It’s not hard for Carin Bondar to turn anything into a science lesson.
And it’s not hard to learn about science when she’s the one doing the teaching.
It’s not just because she often explores the biology of sex — the why and, sometimes more intriguingly, how animals do what they do to procreate.
Bondar has an almost instinctive awareness that if you want to attract an audience in the hopes of passing on your knowledge, you’ve got to put on a bit of a show.
Her Wild Sex YouTube videos have been viewed more than 60 million times. Millions more viewers watch her on Discovery Channel’s Outrageous Acts of Science. (She’s on her 100th episode.) Her Seeker Wild Facebook videos get hundreds of thousands of views each, and when it comes to showing how giraffes do it, more than two million people have been transfixed by her explanation of the mechanics of it all. (It involves drinking pee and the female’s very strong legs.)
There’s also her hosting gig on The World’s Oddest Animal Couples, which is on Netflix.
TEDGlobal was so intrigued, it asked her to share a few insights from her book Wild Sex.
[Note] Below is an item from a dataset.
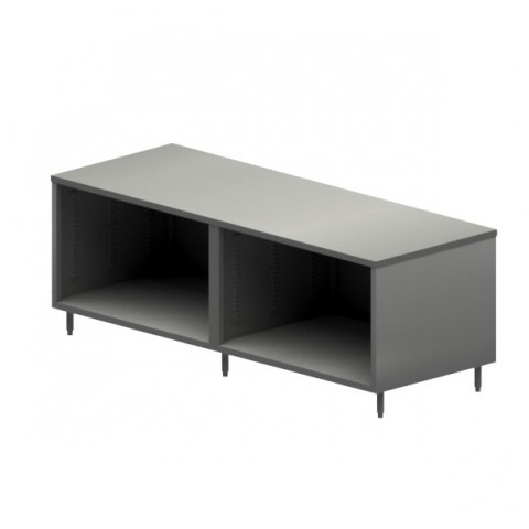 Chef Table, cabinet base with open front, 96"W x 36"D x 34-3/4"H overall size, 14/304 stainless steel top, 18/304 stainless steel body, center mullion, enclosed with stainless steel panels on sides & rear, 6” stainless steel legs with 1" height adjustment, stainless steel feet, NSF
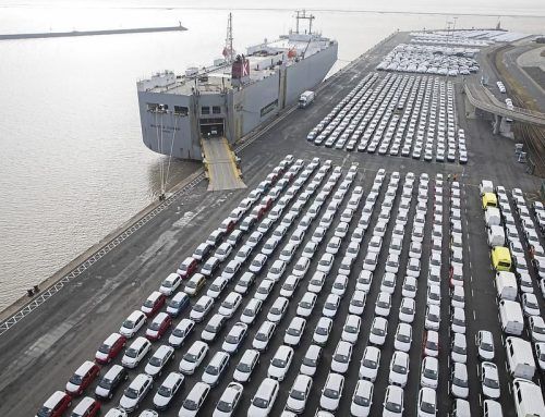 Starke Einbußen mussten die deutschen Autobauer hinnehmen. Hier stehen hunderte Fahrzeuge des Volkswagen-Konzerns im Hafen von Emden zur Verschiffung bereit. © Sarbach/dpa

On Sept. 18, Bondar will be the headline speaker at Et Al III: The Ultimate Bar Science Night at the Rio Theatre. A collaboration between Curiosity Collider, Nerd Nite Vancouver and Science Slam Canada, organizers invite everyone to come dressed as their favourite scientist.
She’ll talk about “the great themes of sex and death across the animal kingdom” and take part in The Science Slam which will be “cheeky and silly and fabulous” (and not for children).
Fascinated by the world around her, everything she does becomes an opportunity to learn and discover more about the species with which we share the planet.
We got our own personal science lesson on Kitsilano Beach in Vancouver.
Our photographer wanted to take her picture walking in the low tide of English Bay. On her way to the water’s edge Bondar reaches down to pick up a collection of shells, prompting a little lesson on bivalves. Oh, here’s some sea lettuce. Time to talk about whether it’s safe to eat it.
Just as all of the lifeforms on the beach have had to adapt to the changing tides, Bondar has also had to learn how to bend her will to the forces in life that sometimes push us in directions we aren’t prepared for.
She was in the midst of her PhD program at UBC when her father suddenly died. Her brother was dying from AIDS, and her family needed her help. She dropped out of university — or, as she puts it, “I was yanked out of my academic happy place” — and returned home to Chilliwack to run the family’s four independent movie theatres. It was a job she didn’t want or like, but she found ways to inject a little science into her day by showing short science films before the main feature. (She’s not impressed, by the way, with how science is portrayed in movies. “As a scientist, it made me more aware of how much of a struggle it is to squoosh science into our greater awareness.”)
She also fell in love, married and started having children. But no matter how busy she was, she always felt the tug back to her studies. Thanks to this newfound thing called the internet, she found a way to juggle it all. Her oldest son was two and she was eight and a half months pregnant when she defended her PhD dissertation.
Her PhD supervisor was a bit disappointed with her graduation plans: writing a science blog. But, for her, it was a way she could fulfill family and business responsibilities while carving out a career in relatively unexplored territory.
Slowly but surely, her posts drew attention; one of the first fans of her work was Scientific American, which sparked the interest of others. If she was invited to speak somewhere, be part of something scientific, she’d do it. “I was so thrilled I’d find the time to make it happen. Even though the money isn’t huge, I insisted that I had the time to do it.”
Her big break came in 2012, a year after she sold the movie theatres, when Earth Touch flew her to South Africa to write and narrate Wild Sex, a show about the evolutionary biology of sex. They shot 20 episodes in nine days.
Granted she found a subject that profoundly interests people, but her main goal is to educate.
“I take it very seriously to make science fun and interesting,” she says. Just as she groans at the way science is depicted in all those movies she watched when she was a theatre owner, she is fighting against a culture that is losing its ability to think critically.
“Think. Think. That’s what our phones have allowed us not to do,” she says.
And thinking is what her videos make you do with all of their illustrative ah-ha (and he-he) moments. No matter how entertaining her methods, she really is getting your brain to move past its pre-programmed responses to all the things that make, in the immortal words of Cole Porter, even educated fleas do it.
More recently, her energy has moved on to what happens when those evolutionary impetuses achieve their goal: motherhood.
It’s a subject in which she’s well versed. Her children are now 13, 11, eight and “almost seven.” The first three were planned, but the youngest was a bit of a surprise, the expert on how sex works sheepishly admits.
“I think ultimately what motherhood is is a total expansion of our repertoire. We become multi-taskers to a degree that’s unprecedented elsewhere,” says the author of Wild Moms. “I love to embrace the superpowers that come with it.”